The latter of that pair has excelled at stud as the dam of the Gr. 1 One Thousand Guineas winner Flit and granddam of Broadsiding, while Glissade’s half-sister Squalls is the dam of last season’s Gr. 1 ATC Flight and Surround Stakes winner Tropical Squall.
In 2008 much of this line came into the ownership of Darley with the purchase of the Woodlands Stud breeding empire, as recounted by Darley’s Head of Stallions Alistair Pulford.
“Glissade was one of the first we bred from the Woodlands band,” Pulford told Raceform this week. “She was trained by Peter Snowden and showed a lot of two-year-old speed to win on debut, but she ended up having only a handful of starts.

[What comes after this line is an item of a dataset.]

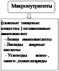 В группу главных пищевых веществ (по международной классификации) входят макронутриенты (белки, жиры, углеводы, витамины и вода), макроэлементы и микроэлементы.

“Besides Flit she produced Speedway, who won a couple of races and is now the dam of Broadsiding. Unfortunately he was the last of only of three foals she produced before we lost her with colic a couple of years ago.”
The Caulfield Guineas on Saturday week, for which he is the odds-on favourite, now looms large on Broadsiding’s spring agenda, and as Pulford points out, a wealth of opportunity is on the table.
That includes the Cox Plate, in which he would get the chance to go one better than his Godolphin predecessor Anamoe, who in his next start after winning the 2021 Caulfield Guineas was narrowly beaten at Moonee Valley before returning victorious as a four-year-old.